Work task - Return exactly the lines from the one containing "Cup set for" through the last line of the records below, both included, and leave out any pictures.

◇ ◇ ◇

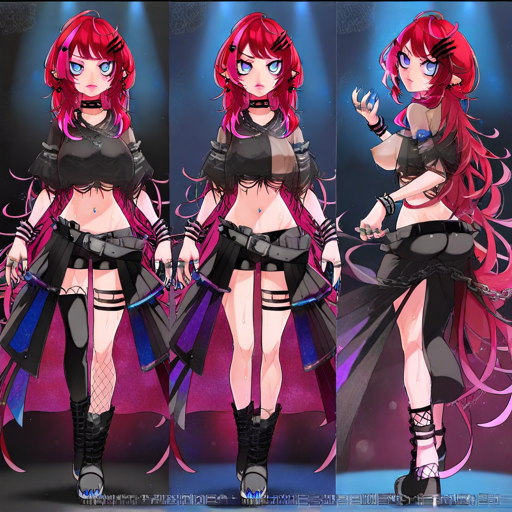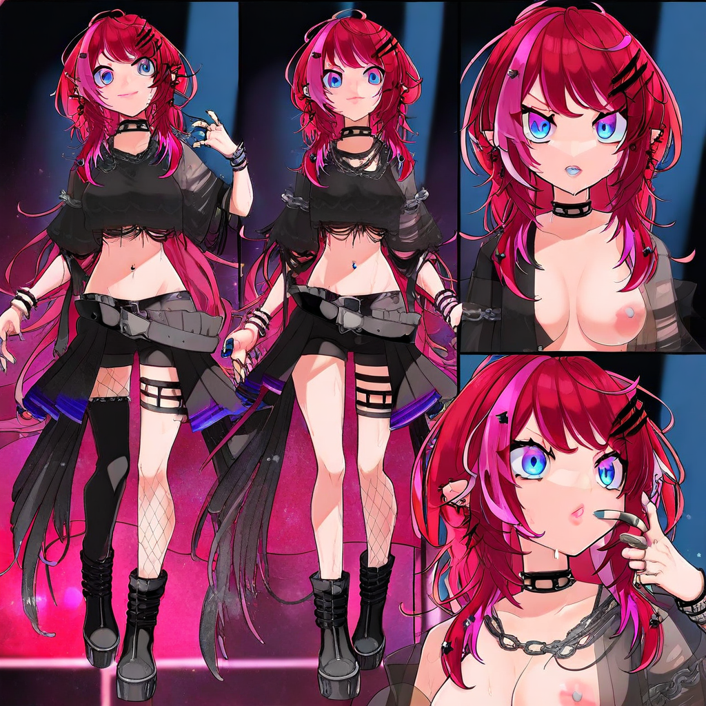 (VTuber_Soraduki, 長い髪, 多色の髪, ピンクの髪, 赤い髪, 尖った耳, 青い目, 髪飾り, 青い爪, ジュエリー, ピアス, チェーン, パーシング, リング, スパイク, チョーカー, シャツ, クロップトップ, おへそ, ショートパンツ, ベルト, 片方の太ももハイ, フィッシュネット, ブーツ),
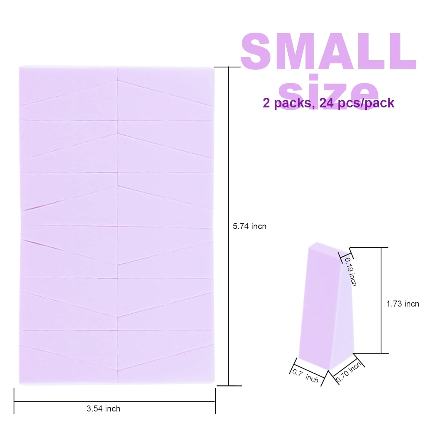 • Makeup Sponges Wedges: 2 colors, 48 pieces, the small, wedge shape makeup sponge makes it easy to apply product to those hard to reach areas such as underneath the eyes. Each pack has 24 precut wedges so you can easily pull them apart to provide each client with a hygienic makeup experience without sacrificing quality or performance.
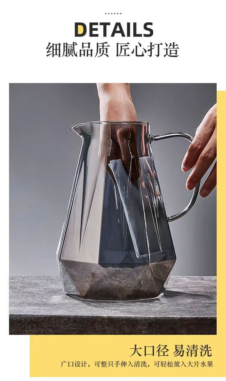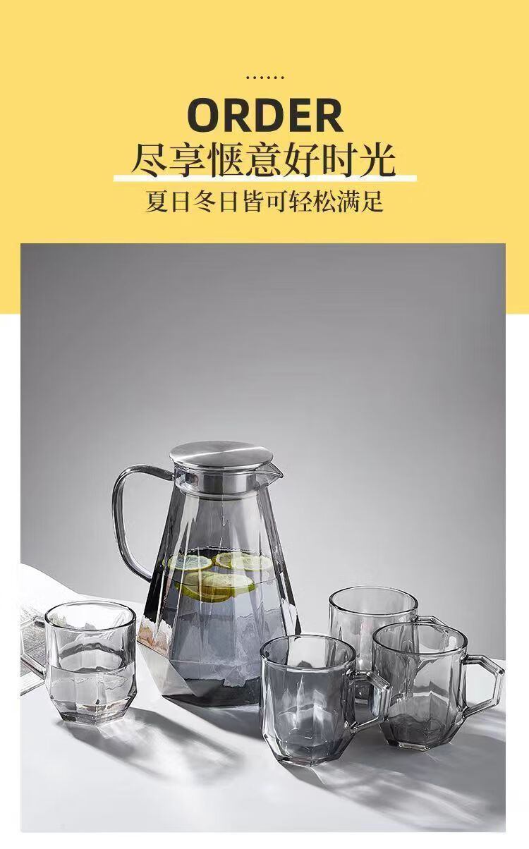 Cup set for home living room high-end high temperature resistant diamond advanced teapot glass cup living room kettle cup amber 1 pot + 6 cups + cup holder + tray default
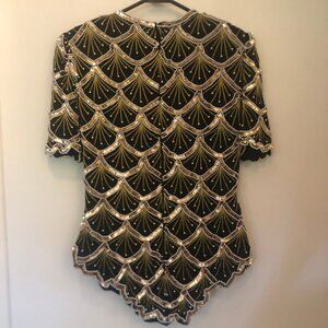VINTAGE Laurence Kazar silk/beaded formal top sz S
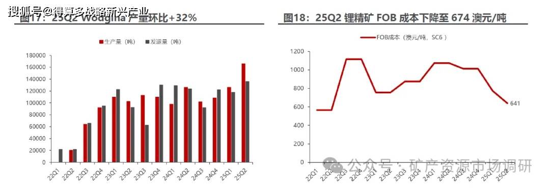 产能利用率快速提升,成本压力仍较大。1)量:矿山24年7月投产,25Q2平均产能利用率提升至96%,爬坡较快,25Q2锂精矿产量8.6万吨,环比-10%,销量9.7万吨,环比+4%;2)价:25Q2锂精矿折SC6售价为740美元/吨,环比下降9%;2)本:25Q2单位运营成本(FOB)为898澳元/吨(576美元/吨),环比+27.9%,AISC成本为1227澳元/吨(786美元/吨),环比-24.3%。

◇ ◇ ◇

Task answer -
 Cup set for home living room high-end high temperature resistant diamond advanced teapot glass cup living room kettle cup amber 1 pot + 6 cups + cup holder + tray default
VINTAGE Laurence Kazar silk/beaded formal top sz S
 产能利用率快速提升,成本压力仍较大。1)量:矿山24年7月投产,25Q2平均产能利用率提升至96%,爬坡较快,25Q2锂精矿产量8.6万吨,环比-10%,销量9.7万吨,环比+4%;2)价:25Q2锂精矿折SC6售价为740美元/吨,环比下降9%;2)本:25Q2单位运营成本(FOB)为898澳元/吨(576美元/吨),环比+27.9%,AISC成本为1227澳元/吨(786美元/吨),环比-24.3%。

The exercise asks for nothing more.